Parallel podcast transcription using Whisper
This example shows how to build a massively parallel application on Modal: the Modal Podcast Transcriber.
This example application is more feature-packed than others, and it doesn’t fit in a single page of code and commentary. So instead of progressing through the example’s code linearly, this document provides a higher-level walkthrough of how Modal is used to do fast, on-demand podcast episode transcription for whichever podcast you’d like.
You can find the code here.
Hour-long episodes transcribed in just 1 minute
The focal point of this demonstration app is that it does serverless CPU transcription across dozens of containers at the click of a button, completing hour-long audio files in just 1 minute.
We use a podcast metadata API to allow users to transcribe an arbitrary episode from whatever niche podcast they desire — how about The Pen Addict, a podcast dedicated to stationery?
The video below shows the 45-minute long first episode of Serial season 2 get transcribed in 62 seconds.

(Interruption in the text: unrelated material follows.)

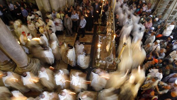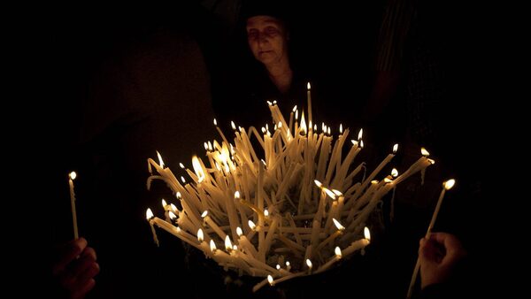 A Christian worshipper lights candles inside the Church of the Holy Sepulchre, traditionally believed to be the burial site of Jesus Christ, in Jerusalem's Old City, Sunday, April 8, 2012.Sebastian Scheiner/AP

Each transcription segment includes links back to the original audio.
Try it yourself
If you’re itching to see this in action, here are links to begin transcribing three popular podcasts:
Tech-stack overview
The entire application is hosted serverlessly on Modal and consists of these main components:
- A React + Vite single page application (SPA) deployed as static files into a Modal web endpoint.
- A Python backend running FastAPI in a Modal web endpoint.
- The Podchaser API provides podcast search and episode metadata retrieval. It’s hooked into our code with a Modal Secret.
- A Modal async job queue, described in more detail below.
All of this is deployed with one command and costs $0.00
when it’s not
transcribing podcasts or serving HTTP requests.
Speed-boosting Whisper with parallelism
Modal’s dead-simple parallelism primitives are the key to doing the transcription so quickly. Even with a GPU, transcribing a full episode serially was taking around 10 minutes.
But by pulling in ffmpeg
with a simple .pip_install("ffmpeg-python")
addition to our Modal Image, we could exploit the natural silences of the
podcast medium to partition episodes into hundreds of short segments. Each
segment is transcribed by Whisper in its own container task,
and when all are done we stitch the segments back together with only a
minimal loss in transcription quality. This approach actually accords quite well
with Whisper’s model architecture:
“The Whisper architecture is a simple end-to-end approach, implemented as an encoder-decoder Transformer. Input audio is split into 30-second chunks, converted into a log-Mel spectrogram, and then passed into an encoder.”
Run this app on Modal
All source code for this example can be
found on GitHub.
The README.md
includes instructions on setting up the frontend build and
getting authenticated with the Podchaser API. Happy transcribing!